The article "Six SQL patterns I use to catch transaction fraud" posits that effective fraud detection primarily relies on well-crafted SQL queries, rather than trending technologies like machine learning or graph databases. The author, a program integrity analyst, shares six core SQL patterns applicable to various transaction data, from credit cards to government benefits, emphasizing their practical implementation and tuning.

  • Velocity: Detects unusually rapid transaction frequency, which can indicate card testing or stolen card usage. It uses window functions to count transactions within a moving time window (e.g., 5 minutes) for a given cardholder.
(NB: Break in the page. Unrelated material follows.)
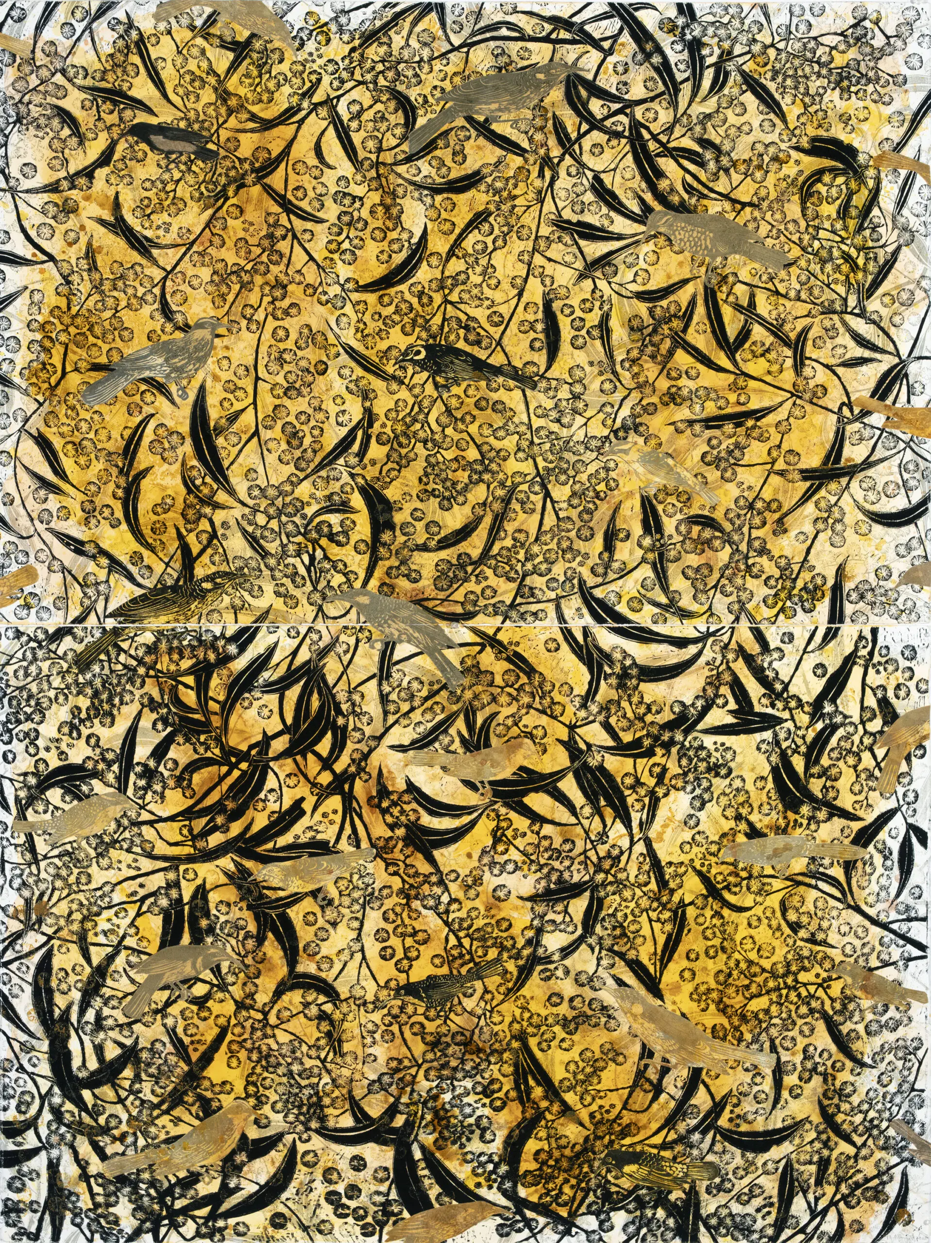 The unique state print has multi layers of Australia’s national flower – the Golden Wattle (Acacia pycnantha) and collage linocut honeyeaters that are printed with fly wire grid and wattle patterns.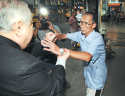 中新網(wǎng)6月19日電 因釣魚島撞船事件被臺(tái)當(dāng)局召回的臺(tái)當(dāng)局“駐日代表”許世楷18日下午遭一名名叫蘇安生的男子當(dāng)街?jǐn)r阻沖撞,許雖低調(diào)未提出傷害告訴,警方仍依違反社會(huì)秩序維護(hù)法將蘇某移送法辦。

  • Impossible travel: Identifies transactions that occur geographically too far apart within an impossibly short time frame, suggesting card cloning. This pattern leverages LAG to compare consecutive transaction locations and timestamps, utilizing a haversine function for distance calculation.
  • Amount anomalies: Flags specific transaction amounts often associated with fraudulent activities, such as round dollar amounts ($1.00, $5.00) for card testing, or amounts just under common authorization thresholds ($99.99, $499.99).
  • Suspicious merchants: Pinpoints merchants exhibiting an unusual spike in unique cardholders or transaction volume, which could signal a compromised point-of-sale system. It compares current activity against a merchant's historical baseline using window functions over hourly buckets.
  • Off-hours: Catches transactions made outside a cardholder's typical spending habits. This involves building a historical profile of a cardholder's active hours and flagging transactions that fall outside this established range.
  • Window functions for chained signals: This isn't a pattern itself but a foundational setup that uses various window functions (e.g., LAG, ROW_NUMBER) to pre-compute transaction characteristics like time since last transaction or merchant change. This makes it significantly easier and faster to combine multiple fraud signals into complex rules.

The author stresses that no single pattern is sufficient in isolation due to false positives. The true power lies in combining these signals and scoring transactions based on how many patterns they trigger, allowing analysts to quickly iterate on new fraud hypotheses by translating them into SQL filters.